By Wing Comd Shaharyar Shaukat (R), 60th GD (P) Course
Editor’s Note: Wing Comd Shaharyar Shaukat took early retirement in 1999. He has now settled in Vancouver, Canada. He has written this article about his friend Zaheer-ud-Din Khan, an EME officer (s/o Maj Bashir-ud-Din Khan, RVFC). Maj Zaheer also took early retirement a couple of years earlier than Wing Comd Shaharyar Shaukat. Unfortunately, Maj Zaheer was shot by unknown assailants in Lahore on 7 Sept 2006.
Back in 1976, I was a newly graduated Pilot Officer and Zaheer was then a defence nominee studying in UET Lahore. Someone very close to me had heard about a ‘Pir’ Sahib who lived in the outskirts of Lahore and I was thus tasked to get ‘dua‘ and ‘dum‘ done from the ‘saintly’ figure. Somehow or the other, Zaheer could not take me to the ‘Pir’ Sahib, may be he was too busy in his studied or he didn’t believe in Pirs.
On my great nudging, Zaheer finally relented. He agreed to accompany me to see the ‘Pir’ Sahib. Neither of us was so inclined but he understood my compulsion. So on a wintry afternoon of 1976, we both on a two-wheeler were trying to find the ‘Pir’ Sahib’s ‘Dera‘, in the outskirts of Lahore.
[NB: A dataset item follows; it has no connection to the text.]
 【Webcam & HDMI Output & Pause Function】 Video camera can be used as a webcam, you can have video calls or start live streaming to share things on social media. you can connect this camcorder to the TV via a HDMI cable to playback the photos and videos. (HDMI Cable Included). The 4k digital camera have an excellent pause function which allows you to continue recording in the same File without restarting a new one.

With buffaloes sloshing in the ponds, cow’s dung plastered liberally outside the kutcha walls, hordes of mosquitoes on the loose : it was quite a change from our comfort zone.
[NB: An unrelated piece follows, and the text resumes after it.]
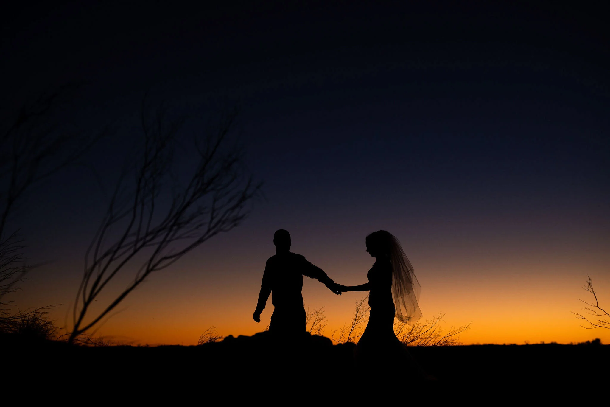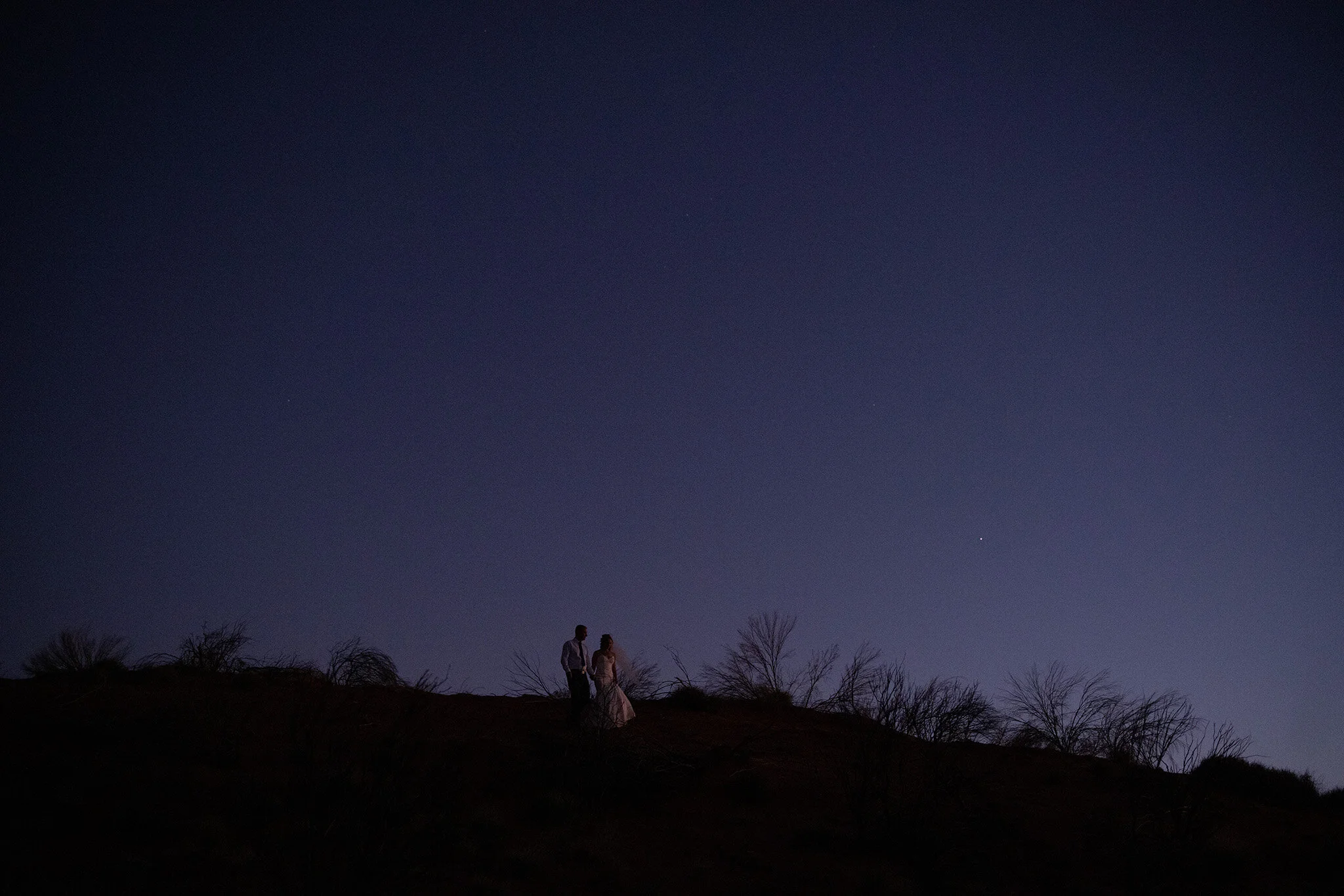 We decided to get a bit closer to Uluru as the sunset was was upon us. On our location scout the day before the elopement we found these epic trees that we know would create an amazing outback silhouette once the sun had gone down, with Katu Tjata on one side, and Uluru on the other. These shots were taken about 30-40 minutes after the sun had dropped below the horizon.

We finally found the place and saw some folks filling water bottles from the hand pump outside the ‘Dera‘. This was a pre-requisite before entering the room and we joined the dozen or so folks awaiting their turn. The ‘Pir’ Sahib was in his thirties, seated on a raised platform, while others waited their turn on the floor mat. After getting ‘dua and dum‘ done they would exit with great reverence, making sure that they didn’t turn their back to him. An interesting observation: at a certain point, ‘Pir’ Sahib would deliberately look away and the ‘mureed‘ would quickly slip in a currency note of some denomination under his rug.
I placed a currency note in my palm and decided to do what the Romans do in Rome. Zaheer, saw my action and snatched it instantly. I protested meekly, as the prevailing ambience was of reverence and spirituality. He shushed me and asked me to keep quiet. Mercifully, we were at the end of the waiting otherwise we would have been declared ‘persona non grata’ by ‘Dera‘ administration.
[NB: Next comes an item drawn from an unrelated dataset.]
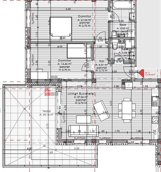 » 3 camere, 1 cuisine, 1 salle de bain, 54 m2
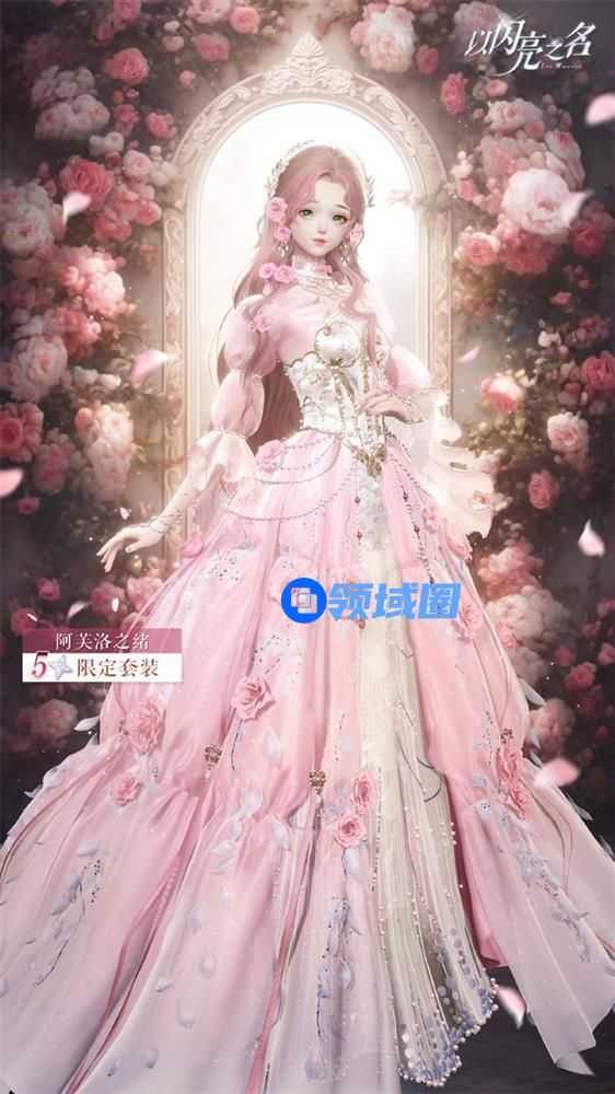 而此次《以闪亮之名》带来的这套五星阿芙洛之绪套装,以粉色为主色调,绽放着浪漫柔美的氛围。裙子上点缀着鲜花和散落的花瓣,仿佛春天的绽放,带来一股温暖的气息。阿芙洛之绪套装的设计兼顾了细节和华丽感,胸前的立体胸衣采用复古卷纹金属材质打造,展现出女神的高贵和华丽。柔和的粉色套装在整体上展现了阿佛洛狄忒女神的温柔和爱的特质,仿佛置身于希腊神话中,沐浴在爱与美丽女神阿佛洛狄忒的光芒之下。

On our turn, instead of the expected usual meek and subservient manner, Zaheer started a friendly and casual conversation. The ‘Pir’ Sahib was initially taken aback but soon enough was enjoying our conversation. He worked at a local bank and wasn’t as boring as we had thought. When the time came for ‘look away’, to my horror Zaheer put his hand under the rug and pulled out a few currency notes. Already feeling guilty of free ‘dum‘ I was shoving them back under the rug. This push-pull lasted a few seconds and am still not sure if we walked out of that place better than we had arrived. My currency note was certainly safe in Zaheer’s pocket; I guess that covered the gas expense.
On the way back, Zaheer explained his philosophy and it did carry weight. He said, “What can you expect from a person who even doesn’t know what’s happening below his rug?”
Rest in peace, my dear Zaheer. I am sure you must be pretty happy up there.